[Records from a data collection]
· · · · · · ·

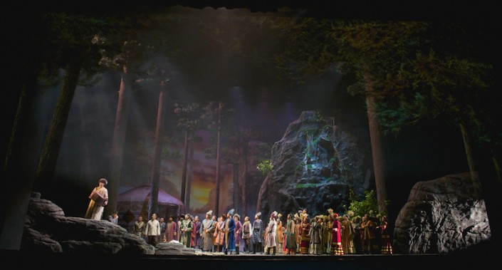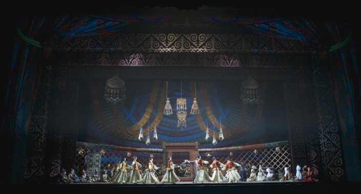 Шедевр национального искусства предстал в новом прочтении режиссера-постановщика Асхата Маемирова и режиссера-консультанта Михаила Панджавидзе. Публике обещали зрелищный спектакль, и постановочная группа свое обещание сдержала.
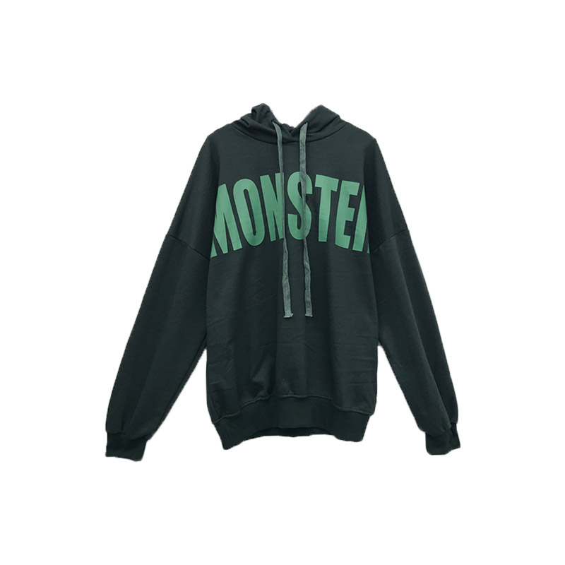 港味復古風秋裝女2018新款百搭帥氣黑色迷彩字母印花加絨套頭衛衣
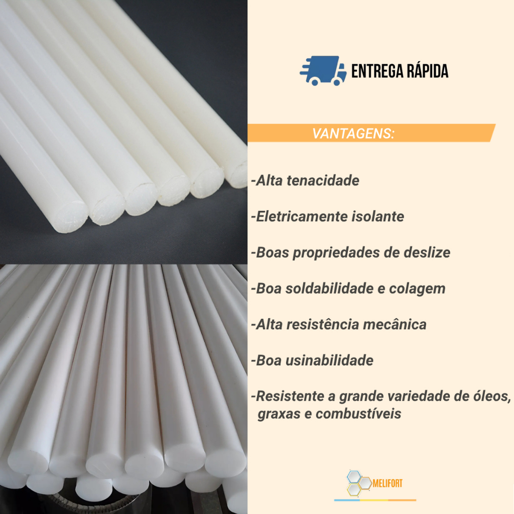 TARUGO DE NYLON PA6 POLIAMIDA NATURAL Ø 16 X 1000 MM O Tarugo de Nylon 6 Poliamida é reconhecido por sua alta tenacidade e resistência mecânica, um baixo coeficiente de atrito e baixo desgaste por abrasão, ideal para aplicações industriais exigentes. Possui resistência a óleos, graxas e combustíveis, e suas propriedades elétricas isolantes, resistente em uma ampla faixa de temperaturas, entre 160°C em curto prazo e 100°C em longo prazo. DESCRIÇÃO TÉCNICA * 16mm de Diâmetro; * 1000mm de Comprimento; * Tolerância máxima: +0,9 mm / Tolerância mínima: +0,1 mm; * Material: Nylon 6 (PA 6 - Poliamida 6). APLICAÇÕES: * Buchas * Engrenagens * Roletes * Roscas transportadoras * Sapatas e outros. PRODUTOS À PRONTA ENTREGA.
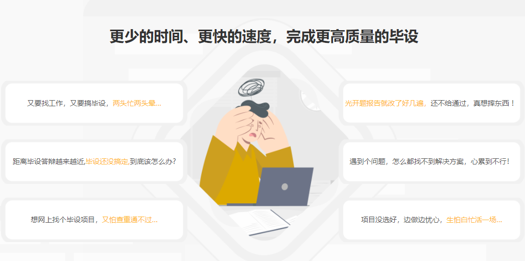 专为毕业生打造,助你高效、高质量完成毕设作品,解决毕业头等大事。课程全面梳理毕设流程,并精准定位每个环节的重点难点、完成技巧,扫清毕设难题。采用主流、企业级技术栈,祝你完成毕设,直面校招。
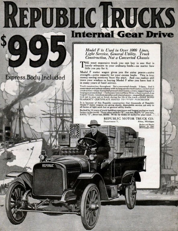 The U.S. produced so many trucks mobilizing for WW I the market was saturated with surplus units well into the 1920s. I always found it amusing that Packard and Pierce, the prominent luxury car makers were foremost among the builders of big trucks. Great photo !!
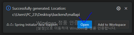 * 마지막으로 프로젝트 생성 경로는 미리 생성해 둔 backend 폴더를 지정한다. 프로젝트 생성이 완료되면 화면 오른쪽 구석에 생성한 프로젝트를 열 수 있는 링크가 보이게 된다.
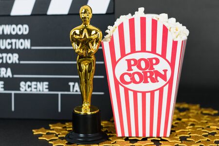 XALAPA, VERACRUZ, MEXICO- JANUARY 31, 2020: Classic popcorn box, clapboard, classic popcorn box and golden stars on black background
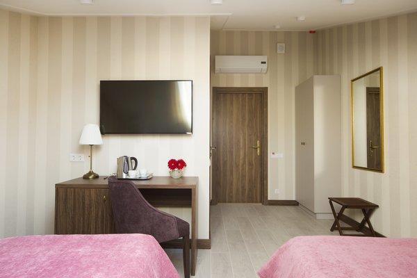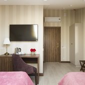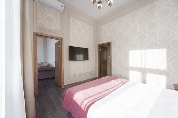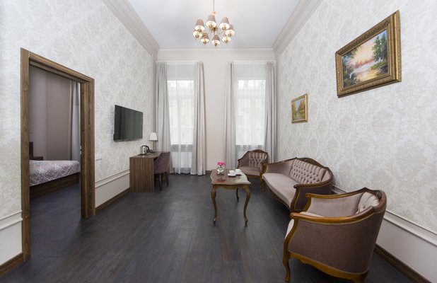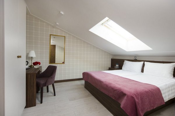 В наличии как однокомнатные номера, так и двухкомнатные (Семейный и Люкс), также для любителей романтики предлагается размещение в мансардных номерах.

· · · · · · ·

TASK PROMPT: The lines to return run from the line containing "XALAPA, VERACRUZ, MEXICO- JANUARY" through the last line of the records. Give them exactly, omitting pictures.

ANSWER BELOW:
 XALAPA, VERACRUZ, MEXICO- JANUARY 31, 2020: Classic popcorn box, clapboard, classic popcorn box and golden stars on black background
 В наличии как однокомнатные номера, так и двухкомнатные (Семейный и Люкс), также для любителей романтики предлагается размещение в мансардных номерах.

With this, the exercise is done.